In machine translation, it is not possible to merely translate word by word. The translation process requires contextual understandng and grammatical alignment.

- "Kannst du mir helfen diesen Satz zu uebersetzen" should not be translated to "Can you me help this sentence to translate", but rather to "Can you help me translate this sentence".
- Certain words require access to words appearing before or later in the original sentence. For instance, the verb "to translate" should be used in the context of "this sentence", and not independently.
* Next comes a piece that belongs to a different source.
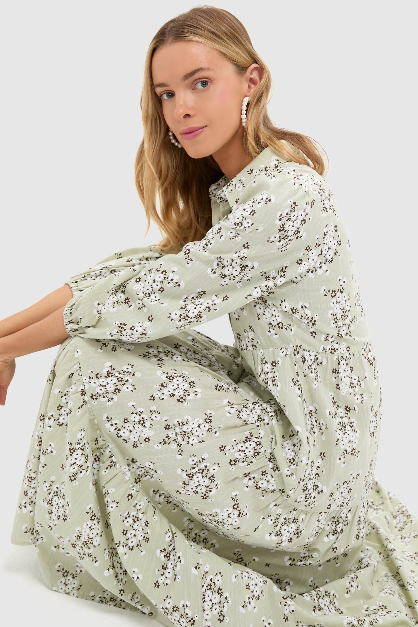 The Green Ditsy Floral Mabel Maxi Dress is ready to quickly become a closet staple. Featuring a collared neckline. three-quarter length puff sleeves. and a full length tiered skirt. this effortless number has a sophisticated yet fun feel to it. Wear this no-fuss maxi all day. from coffee dates to dinners with friends. and make your day a breeze with this easy silhouette.
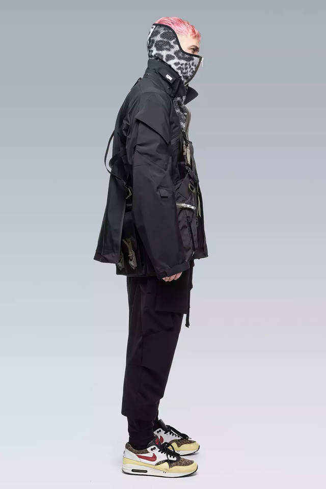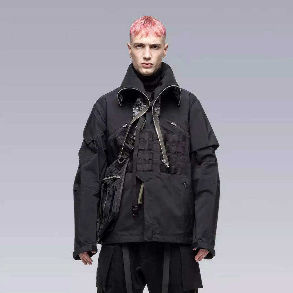 เสื้อแจ็คเก็ตเทคแวร์ผู้ชาย สไตล์แทคติคอล สตรีทแวร์ กระเป๋าหลายช่อง กันน้ำ ไซเบอร์พังก์ วินด์เบรกเกอร์ เสื้อโค้ทคาร์โก้สำหรับผู้ชาย

Typically, to overcome this challenge, deep neural networks with two submodules are used:

- **encoder**: first read in and process the entire text (already done in the `preprocessing.ipynb` notebook).

- **decoder**: produces the translated text.

Pre-LLM architectures typically involved recurrent neural networks, a type of neural network where outputs from previous steps are fed as inputs to the current step, making them well-suited for sequential data. In this many-to-one RNN architecture, the input text is fed token by token into the encoder, which processes it sequentially. The terminal state of the encoder is a memory cell, known as the hidden state, which encodes the entire input. This hidden state is then fed to a decoder that would then generate the translated sentence, word by word, one word at a time.

- While the encoder is many-to-one, the decoder is a one-to-many architecture, since the hidden state is passed at every step of the decoding process.

**encoder-decoder RNNs had many shortcomings that motivated the design of attention mechanisms**, namely that the it was not possible to access earlier hidden states from the encoder during the decoding phase, since we rely on a single hidden state containing all the relevant information. Context was lost, especially in complex sentences where dependencies span larger distances.

### *Non-Modified RNN Encoders*




In [1]:
import torch
import torch.autograd
from torch import optim
import torch.nn.functional as F

class EncoderRNN(torch.nn.Module):
    def __init__(self, input_size, hidden_size, num_layers=1, dropout = None):
        super(EncoderRNN, self).__init__()
        self.input_size = input_size
        self.hidden_size = hidden_size
        self.num_layers = num_layers
        if dropout:
            self.dropout = torch.nn.Dropout(dropout)
        self.embedding = torch.nn.Embedding(input_size, hidden_size)
        self.gru = torch.nn.GRU(hidden_size, hidden_size, num_layers)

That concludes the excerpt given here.